In 1896 the Archbishop of Canterbury, Edward White Benson, died at the castle and his body was put on the train at nearby Sandycroft station to be returned to London.

Also in 1896, Hawarden Castle was host to Qing dynasty reformer Li Hongzhang on his diplomatic mission to Britain.

Gladstone occupied the house until his death there in May 1898, when it passed to his grandson William Glynne Charles Gladstone (son of W. E. Gladstone's eldest son, William Henry Gladstone, who had been High Sheriff of Flintshire for 1888 but had died in 1891).

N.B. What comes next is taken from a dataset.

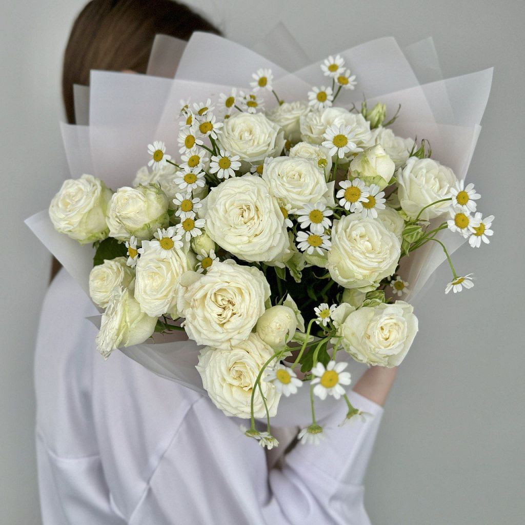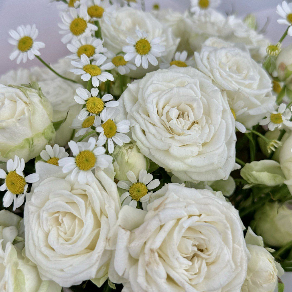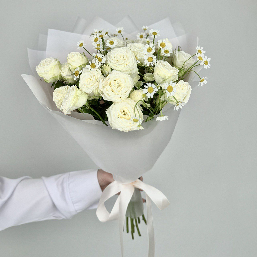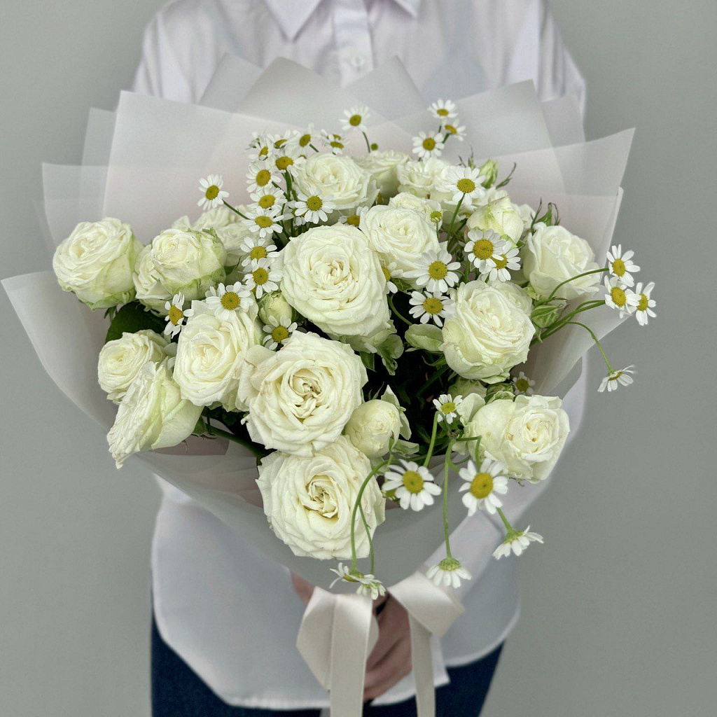 Лента атласная - 1 шт., Современная упаковка - 1 шт., Роза кустовая пионовидная - 7 шт., Танацетум - 2 шт.

W. G. C. Gladstone was killed in the First World War. The estate was subsequently purchased by his uncle, the 1st Baron Gladstone of Hawarden. The house and estate are still a private residence (although some of the grounds are open to the public) and are still owned by the Gladstone family.

In 1927, Knutsford Ordination Test School relocated to Hawarden — first to the Old Rectory, then to the new castle in 1939 before it closed the following year.

In the grounds of the building lie the ruins of a medieval castle, Hawarden Old Castle. This was built on the site of an Iron Age fort by the Normans and had a round keep built on a motte. Llywelyn ap Gruffudd captured the stronghold in 1265, defeating Robert de Montalt and destroying the castle. De Montalt later reneged on a promise not to rebuild his stronghold and the present massive keep was built. This was besieged in 1281 by Llywelyn's brother, Dafydd. The war of 1282 to 1283 followed; the Welsh were defeated and Hawarden Castle was occupied by the English after that. During the English Civil War it changed hands several times and ended up in a ruinous state in Parliamentary hands.

The house is designated as a Grade I listed building by Cadw because of its architecture, especially the 18th-century interiors, and for its exceptional importance as the home of W. E. Gladstone. The castle's gardens and landscape park are designated Grade I on the Cadw/ICOMOS Register of Parks and Gardens of Special Historic Interest in Wales.